Rosalind Banbury's ninth reflection on the 2023-2024 Presbyterian Women/Horizons Bible Study.

Sacred Encounters: The Power and Presence of Jesus Christ in Luke and Acts
Lesson 9: Acts 9:36-43

It is a good thing to get an honorable mention. We may not get the “Best Actor” Oscar or “Best Player” award; in fact, accolades are limited to only a few. In the biblical world where men are the major players, it is lovely that the Gospel of Luke pays special attention to women.

We know little about Tabitha. She is referred to as a disciple of Jesus, the only woman so designated. She was well known for doing good, and it seems as if part of her ministry was to widows. When Tabitha dies, widows wash her body and mourn her. Was Tabitha also a widow? Her burial preparation is not done by her family. In Acts 6, we note that there was a daily distribution of food to widows. Children were supposed to provide for their parents, and one wonders if these widows had no family support.

Who are the most vulnerable in your community? Given the plague of loneliness in our country, who can you invite to be a part of your activities?

In Scripture, we find the people of God are to protect and support widows, orphans and the poor in how they structure their society.

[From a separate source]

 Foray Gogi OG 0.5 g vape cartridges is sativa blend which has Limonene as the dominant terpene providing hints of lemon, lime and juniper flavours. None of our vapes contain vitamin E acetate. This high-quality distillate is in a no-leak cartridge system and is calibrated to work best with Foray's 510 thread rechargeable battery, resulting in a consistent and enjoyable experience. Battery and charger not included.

The prophet Isaiah pronounces destruction on “those who make iniquitous decrees, who write oppressive statutes, to turn aside the needy from justice and to rob the poor of my people of their right, who make widows their spoil and to plunder orphans!” (Isaiah 10:1-2).

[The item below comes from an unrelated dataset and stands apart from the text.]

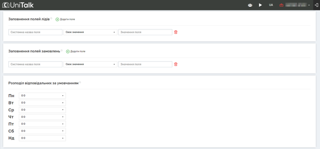 Також можна заповнювати поля лідів та замовлень, встановлювати відповідальних за пропущені вхідні дзвінки. Це можна зробити, якщо за кожним днем тижня встановити відповідального.

Biblical faith is always focused on the community. Our focus on the individual would be incomprehensible to earlier generations of faith. In God’s eyes, communities are judged by how we treat those on the bottom rung of our towns and how well we change laws and culture to raise people out of poverty.

How can we care for those who are widowed — beyond the memorial service and food brought after a death? How do we care for women going through a divorce, or are divorced, where the death of a relationship has no culturally supported customs?

Here are some tips. If you and your husband were friends with another couple before the other husband’s death, continue being friends. When women become single, married friends tend to “unfriend” them. Understand that grief has its own timetable and grieving can last years. Listen without judgment. I remember one widow who came into my office and said, “I am so mad at John for leaving me with all this mess!” She had every reason to be angry at being left with complicated financial matters and cleaning out the house.

Widows can be powerful. Think of Ruth, who refused to abandon Naomi, her widowed mother-in-law. Ruth’s life was one of steadfast love as she gleaned grain so that she and Naomi could survive. Such tenacious, loyal and practical love has brought people through illness, poverty and dire circumstances.

Widowed grandmothers are increasingly raising their grandchildren. Widows may drive capital campaigns or keep vital ministries alive and healthy. I think of Dolly, who is devoted to working with school guidance counselors to see what their students need.  She chairs the missions committee and often buys clothing for the students.

When I began working for a regional body of the church, we moved to a new city, and one of our priorities was finding a church home. At several churches, nobody welcomed us. Not an usher, nor a fellow pew sitter. But Peggy did. She asked if we would like to sit with her, and she called us the same Sunday and invited us to the Wednesday night meal and program. We went. Peggy’s warm attention meant that we looked no further for a community of faith.

Who are women you have known who fueled compassion, welcomed you and or whose commitment to Christ has deepened your own allegiance to Christ? They may or may not get an honorable mention in the history books, but they are stars.